H. FIG. 2 is a diagram illustrating the division of macroblocks into motion estimation blocks possible according to the H.264 standard. 1 is a block diagram illustrating a video encoder according to an embodiment of the present invention. 3 is a flowchart illustrating a video encoding method according to an embodiment of the present invention.

Claims (17)

A video encoder for encoding a video signal,
Means for determining a picture region having a spatial frequency feature;
Means for setting a coding block size of the picture area according to the spatial frequency feature;
Means for encoding the video signal using the encoded block size of the picture area.   2. The video encoder according to claim 1, wherein the encoded block size is a motion estimation block size.   The video encoder of claim 1, wherein the means for determining the picture region is operative to determine the picture region as a group of pixels for which the spatial frequency feature satisfies a spatial frequency criterion. Encoder.   4. A video encoder according to claim 3, wherein the spatial frequency reference is an energy concentration higher than the energy threshold for spatial frequencies whose spatial frequency distribution is lower than the frequency threshold.   4. The video encoder according to claim 3, wherein the means for setting the encoding block size sets the encoding block size to a predetermined value.   2. The video encoder according to claim 1, wherein the means for determining the picture area comprises means for determining the spatial frequency feature according to a variance of pixel values in the picture area. . The video encoder according to claim 1, comprising:
The means for setting the coding block size comprises means for generating a set of allowed coding block sizes according to the spatial frequency characteristics;
The video encoder characterized in that the means for encoding comprises means for selecting the encoding block size from the set of allowable encoding block sizes.
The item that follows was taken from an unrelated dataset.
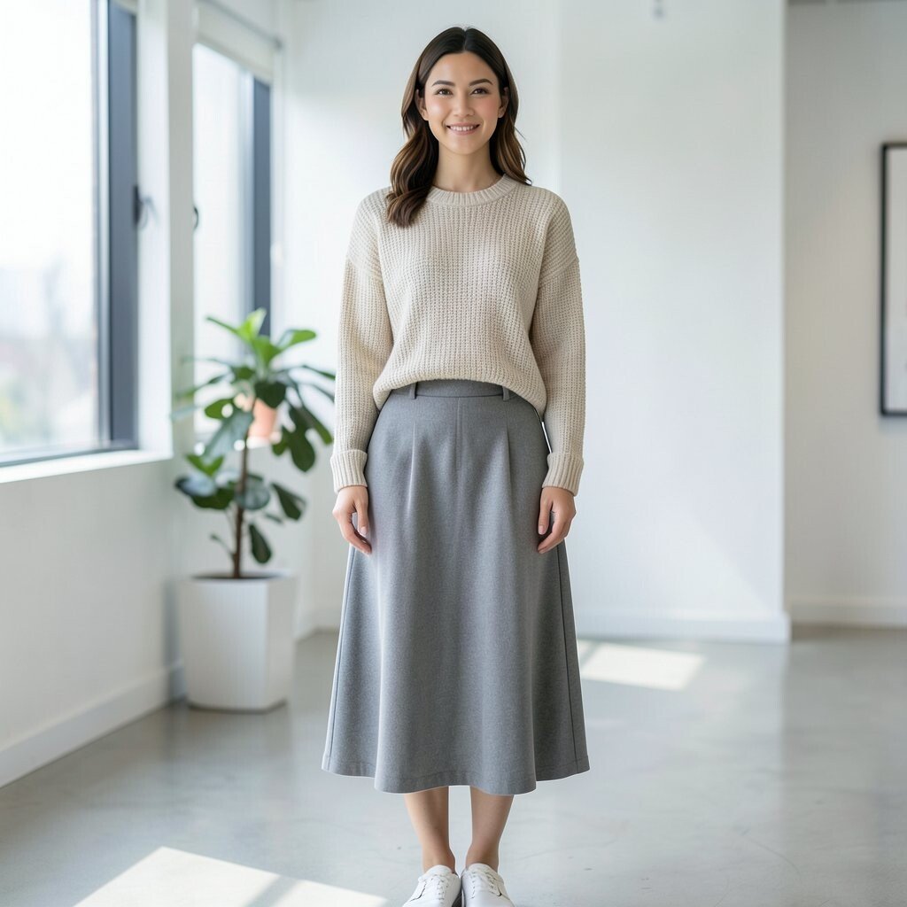 This outfit is useful when you want comfort with a polished edge. A pleated skirt can add movement, while a straight skirt feels more sleek and simple. You can make it your own with flat shoes, ankle boots, or a necklace that sits just right.

The video encoder according to claim 1, comprising:
Means for determining a second picture region having a first spatial frequency feature;
Means for setting a second coding block size for the second picture region according to the second spatial frequency feature,
The video encoder characterized in that the means for encoding the video signal encodes the video signal using the second encoded block size of the second picture area. The video encoder according to claim 1, comprising:
The spatial frequency feature has an indication of flatness in the picture region;
A video encoder characterized in that the means for setting the coding block size increases the coding block size in order to increase flatness. The video encoder according to claim 1, comprising:
The spatial frequency feature has an indication of uniformity in the picture region;
A video encoder characterized in that the means for setting the coding block size increases the coding block size in order to increase uniformity. The video encoder according to claim 1, comprising:
The spatial frequency feature has an indication of the concentration of energy at low frequencies;
A video encoder characterized in that the means for setting the coding block size increases the coding block size in order to increase the concentration of energy at a low frequency. The video encoder according to claim 1, comprising:
Means for setting a quantization level of the picture region according to the spatial frequency feature;
The video encoder characterized in that the means for encoding the video signal uses the quantization level of the picture area.   The video encoder according to claim 1, wherein the video encoder is defined by the International Telecommunications Union. H.264 video encoder according to the H.264 recommendation.   14. The video encoder according to claim 13, wherein the encoding block size is H.264. A video encoder, characterized in that it is selected from a set of motion estimation block sizes defined in the 26L standard. A video encoding method comprising:
Determining a picture region having a spatial frequency feature;
Setting a coding block size of the picture area according to the spatial frequency feature;
Encoding the video signal using the encoded block size of the picture area.   A computer program for causing a computer to execute the method according to claim 15. A recording medium storing the computer program according to claim 16.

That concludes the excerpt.